Tutto vero. Ma noi non pagavamo l’Irpef da tre mesi e c’erano
squadre che non pagavano da anni. Anni. Ma si sa come vanno
queste cose. Siccome era stato deciso che il Milan dovesse finire
a Berlusconi... Quando il lupo vuole mangiare l’agnello di scuse
ne trova sempre. I giera tuti d’accordo: Berlusconi, Carraro,
Craxi, ’na manega de socialisti. (…) Io non ho mai voluto avere
niente a che fare coi politici. A Vicenza era andato tutto bene.
Ma a Milano, negli anni Ottanta... (…) Mi cascarono in testa un
sacco di grane. Denunce per falso in bilancio. Ordini di cattura.
E mi sfilarono la società di sotto il naso senza pagare una lira.
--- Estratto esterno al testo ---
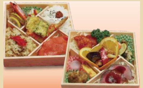
二段重弁当 2,160円(税込)

[内容]赤魚バジル香草焼き、がんも、開きす揚げ、スモークサーモン、酢豚、帆立マヨ焼き、季節のデザート 他

Il Milan fu dichiarato fallito e il curatore fallimentare mise in
vendita le società che io avevo portato a garanzia della situazione
debitoria»15. E ancora: «Quando cedetti il Milan, c’erano circa
15 miliardi di debiti, 7 dei quali relativi a un mutuo federale
con scadenza trentennale. In rosa c’erano giocatori come Baresi,
Costacurta, Evani, Battistini. Mi sarebbe bastato vendere Baresi
per riportare il bilancio in attivo. Ma non ho visto una lira. In
realtà io non ho venduto il club. Il Milan mi è stato portato via
a costo zero. Un’operazione politica. (…) Vi siete mai chiesti
perché Gianni Nardi, uomo della mia gestione, è tutt’ora in
carica come vicepresidente del Milan?»16.

13
Ibidem.
14
Carlo Petrini, cit. pp. 47-48, nota 10.
15
Gian Antonio Stella, «Corriere della Sera», 4 settembre 1995, p. 12.
16
Sebastiano Vernazza, «La Gazzetta dello Sport», 24 aprile 1999, p. 10.